Exercise description: Repeat the stretch of entries below from the line with "附件2:2018年武夷山市中" through the line with "Hands-Free Voice Control". Include both ends and add nothing.

Provided records:

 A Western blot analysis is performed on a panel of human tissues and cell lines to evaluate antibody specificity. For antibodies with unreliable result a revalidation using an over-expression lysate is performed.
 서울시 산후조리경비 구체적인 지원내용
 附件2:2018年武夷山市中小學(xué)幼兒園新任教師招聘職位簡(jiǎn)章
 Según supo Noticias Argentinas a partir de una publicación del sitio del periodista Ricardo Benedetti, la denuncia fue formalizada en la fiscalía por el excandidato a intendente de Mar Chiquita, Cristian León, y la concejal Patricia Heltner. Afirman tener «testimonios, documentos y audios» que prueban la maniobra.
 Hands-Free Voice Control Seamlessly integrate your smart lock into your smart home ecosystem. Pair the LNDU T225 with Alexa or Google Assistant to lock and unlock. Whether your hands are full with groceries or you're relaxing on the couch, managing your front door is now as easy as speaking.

---

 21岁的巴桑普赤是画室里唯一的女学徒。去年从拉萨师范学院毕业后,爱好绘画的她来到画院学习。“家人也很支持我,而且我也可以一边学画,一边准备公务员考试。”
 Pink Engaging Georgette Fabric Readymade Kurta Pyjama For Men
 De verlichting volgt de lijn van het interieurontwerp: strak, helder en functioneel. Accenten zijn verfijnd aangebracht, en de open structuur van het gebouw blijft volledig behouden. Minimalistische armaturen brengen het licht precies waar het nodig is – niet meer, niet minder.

Response area:
 附件2:2018年武夷山市中小學(xué)幼兒園新任教師招聘職位簡(jiǎn)章
 Según supo Noticias Argentinas a partir de una publicación del sitio del periodista Ricardo Benedetti, la denuncia fue formalizada en la fiscalía por el excandidato a intendente de Mar Chiquita, Cristian León, y la concejal Patricia Heltner. Afirman tener «testimonios, documentos y audios» que prueban la maniobra.
 Hands-Free Voice Control Seamlessly integrate your smart lock into your smart home ecosystem. Pair the LNDU T225 with Alexa or Google Assistant to lock and unlock. Whether your hands are full with groceries or you're relaxing on the couch, managing your front door is now as easy as speaking.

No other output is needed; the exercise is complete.